Cook Islands (formation of an atoll)

Many thanks to Gill, who sent this postcard to Geography Cat from her holiday to the largest of the Cook Islands, Rarotonga.

The Cook Islands announced their intention to change their name to something which is more in keeping with their ‘true Polynesian nature’, as reported by the worldwide press.

Geography Cat is surprised that the name hasn’t been changed already. But there’s always something pressing to do, so it’s probably been on the back burner for a while. Names are important though. Products in the marketplace have their names changed to suit different markets and different times. But the name of a nation is also the name of a people, and so it is all the more crucial.

The Cook Islands are located in the South Pacific
: By TUBS – WikiCommons

The Cook Islands are a group of 15 volcanic islands and atolls in the South Pacific. They have been inhabited since the sixth century, but only named as the Cook Islands in the early 19th century.

An atoll is a coral reef in a ring shape around the eroded crater top of an extinct volcano.

Manihiki Atoll
(Credit: NASA Earth Observatory)

Watch this clip to learn more about the formation of atolls:

Geography Cat hopes the Cook Islanders decide on a more appropriate name for themselves soon and looks forward to the celebrations. Sadly he will have to celebrate from a great distance as Geography Cat doesn’t travel well.

2 Replies to “Cook Islands (formation of an atoll)”

  1. What a fascinating process!

    I hadn’t heard of the pending name change for the Cook Islands. Can’t wait to hear what the new name will be.

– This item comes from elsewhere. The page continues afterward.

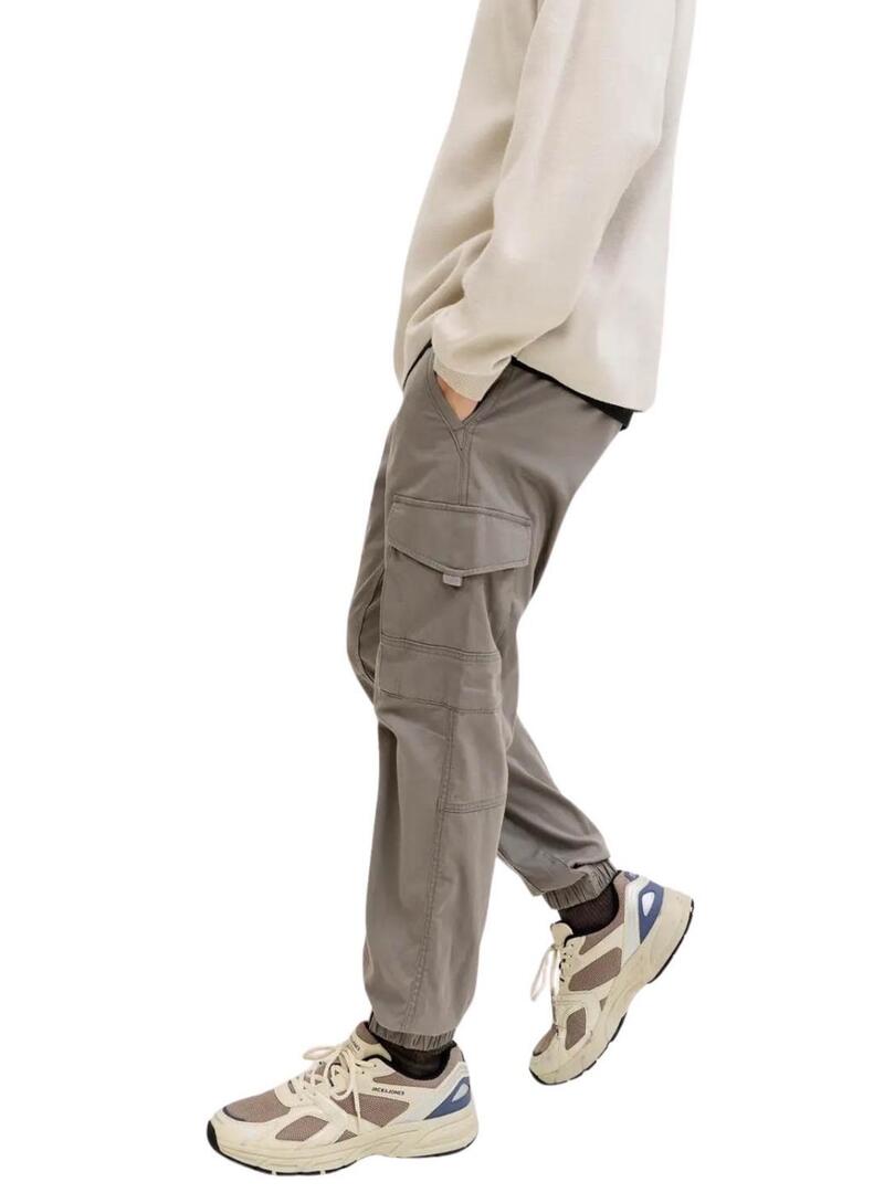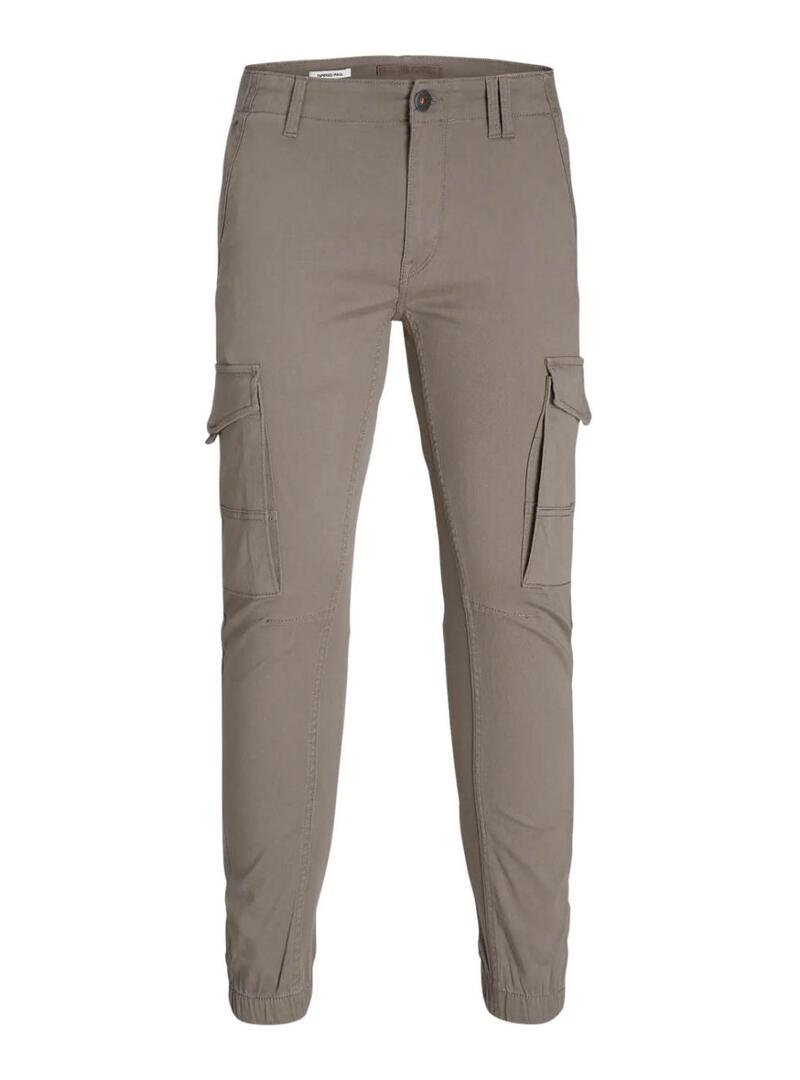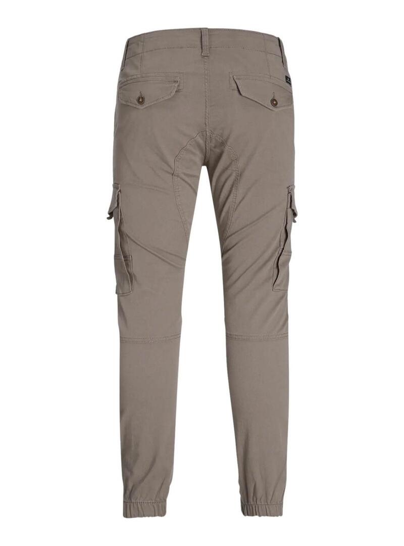 Pantaloni cargo Jack and Jones. Modello Paul. Colore beige. Chiusura con bottone e zip. Fondo elastico con polsino. Tasche laterali. Tasche cargo con patta. Vestibilità regolare.

  2. Countries in the Pacific are awakening and addressing their historical past. I believe the nation is focussing on its customary rights, spiritual tradition, unique languages and story telling (myths and legends) which needs to be preserved. With so many islands within a huge expanse of the Pacific ocean, the world perception of these places is unfortunately one of ignorance and ideas of a ‘one identity fits all’ attitude. The nation of the Cook Islands want their unique identity to be fully recognised as well as being a member of The Commonwealth and the Polynesian island community. It is looking to ‘shake off’ the labels of French Polynesia and Captain Cook, the British explorer. The current name alludes to being ‘conquered’ by greater tribal nations.